Au résultat de la position exprimée par l’Assemblée plénière, il apparaît clairement que la clause statutaire fixant les conditions d’adoption d’une décision soumise au vote des associés peut retenir le niveau majoritaire de son choix à la condition qu’il représente « au moins la majorité des voix exprimées », selon la formulation figurant dans l’arrêt. Ce seuil majoritaire, dont le minimum est de 50 % des voix exprimées, peut être placé à une hauteur librement déterminée par la clause statutaire qui serait prévue à ce propos. La formulation fait, toutefois, naître une interrogation quant à la possibilité de n’exiger, pour qu’une décision collective puisse être considérée comme adoptée, que la constatation d’une majorité relative et non point absolue, c’est-à-dire qui, sans atteindre au moins 50 % des voix exprimées, réunit un nombre total de voix favorable à la décision en cause supérieur à celui résultant des voix exprimées à son encontre. En d’autres termes, une décision collective peut-elle être considérée comme valablement adoptée si elle recueille un pourcentage de voix supérieur à celui qui reflète les votes contre ? Cette question avait été identifiée à propos de l’arrêt de la Chambre commerciale du 19 janvier 2022 [11] et la décision de l’Assemblée plénière semble bien écarter que l’on puisse s’en tenir à une majorité relative [12]. Si l’approche rigoureuse peut être justifiée en ce qu’elle conduit à ce qu’au sein d’une SAS aucune décision collective ne pourra être adoptée si elle n’emporte pas au moins l’accord de plus de 50 % des voix exprimées, ce qui est de nature à renforcer la cohésion des membres de la société et éviter le développement de contentieux, on peut aussi considérer qu’elle réduit fortement la souplesse de fonctionnement qui résulterait d’une clause prévoyant l’adoption d’une décision collective dès lors qu’elle réunit à son propos un nombre supérieur de voix – donc une majorité – par rapport à celles exprimées à son encontre [13].

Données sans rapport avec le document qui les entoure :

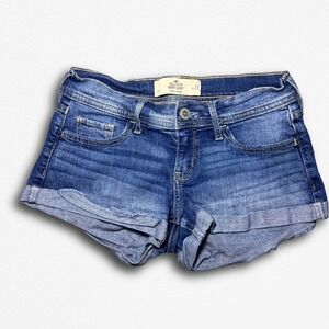 Hollister Short-Short Women 26 Blue Excellent Low Rise Cuffed Denim Jean Shorts
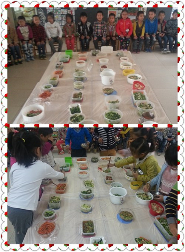 2013年10月18日,果果四班的孩子们围绕“金色的秋天”主题,带来了和父母共同制作的蔬菜,热热闹闹地开展了一次“蔬菜自助餐”活动。活动中孩子们通过说、看、品尝等方式了解了各种蔬菜的制作方法及营养价值。在品尝过程中,那些原本不爱吃蔬菜的孩子也加入了品尝的行列,所有的孩子都吃得津津有味。
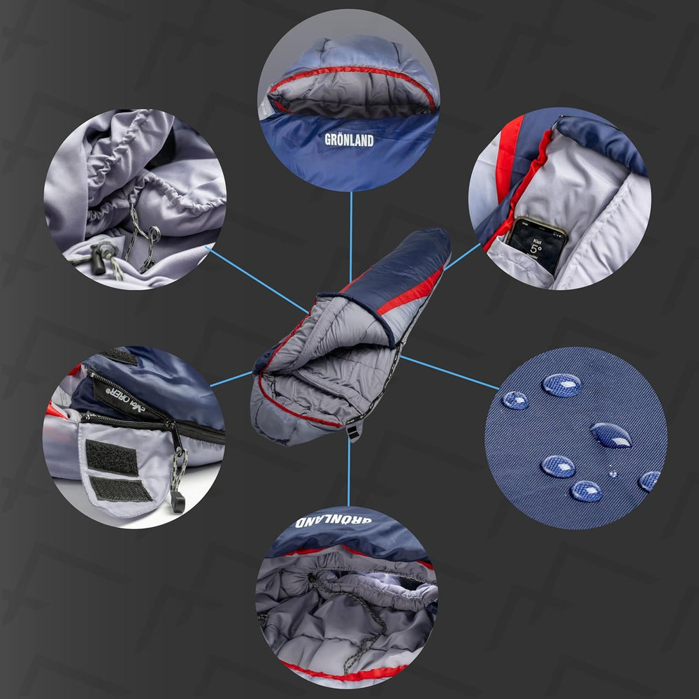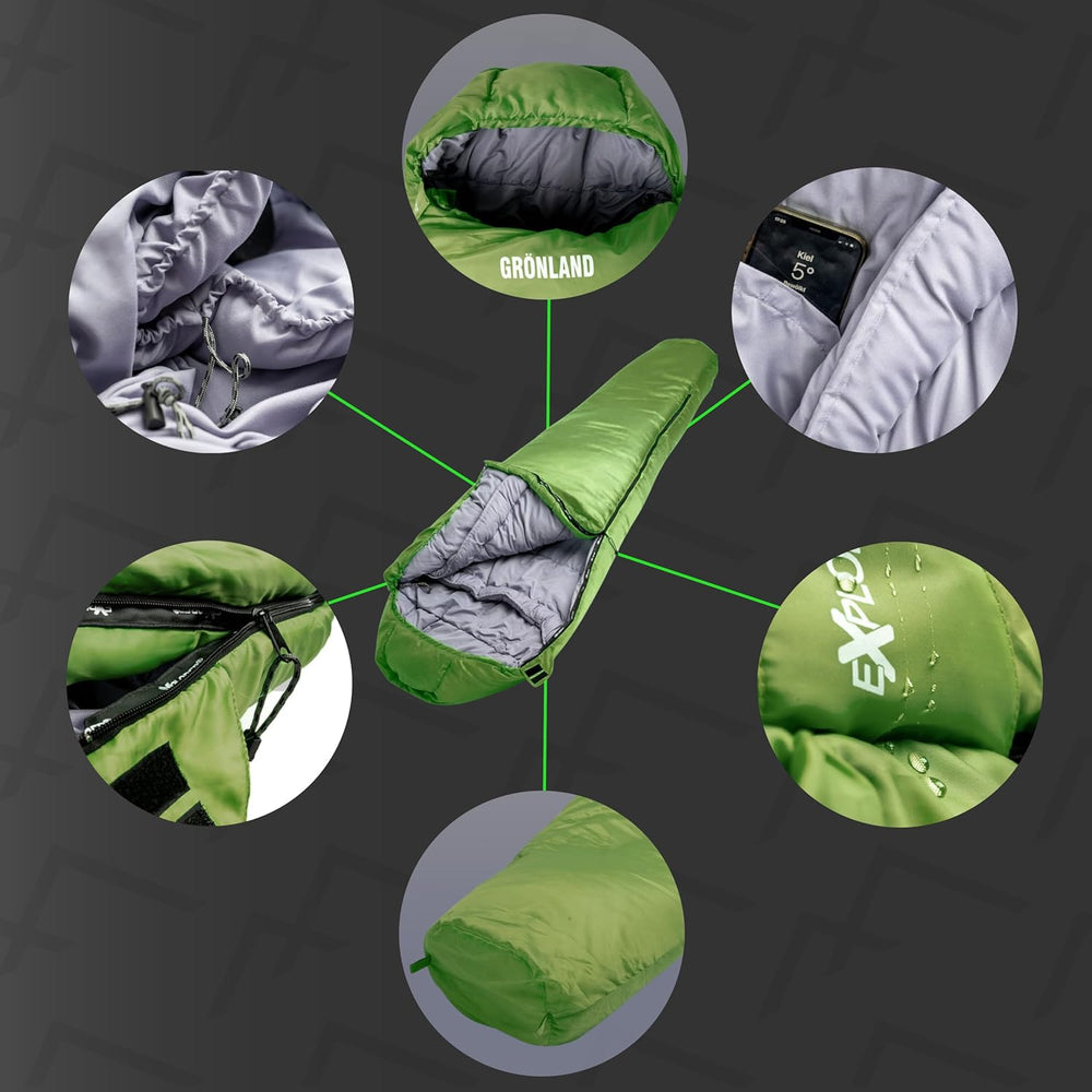 EXPLORER® GRÖNLAND Schlafsack -23°C -5°C [350GSM] 3-4 Jahreszeiten Winter Mumienschlafsack Erwachsen

Pour autant, à la lecture de l’arrêt rapporté, et par prudence, sans doute faut-il retenir qu’une décision émanant des associés d’une SAS ne peut être valablement adoptée que si elle réunit au moins la majorité des voix exprimées. Il convient, dès lors, de tenter d’en tirer les conséquences.
II. Les conséquences de l’exigence d’un vote majoritaire
C’est, bien sûr, au regard du régime juridique applicable aux décisions collectives prises au sein d’une société par actions simplifiée que l’impact de la position adoptée par la Haute juridiction doit d’abord être évalué.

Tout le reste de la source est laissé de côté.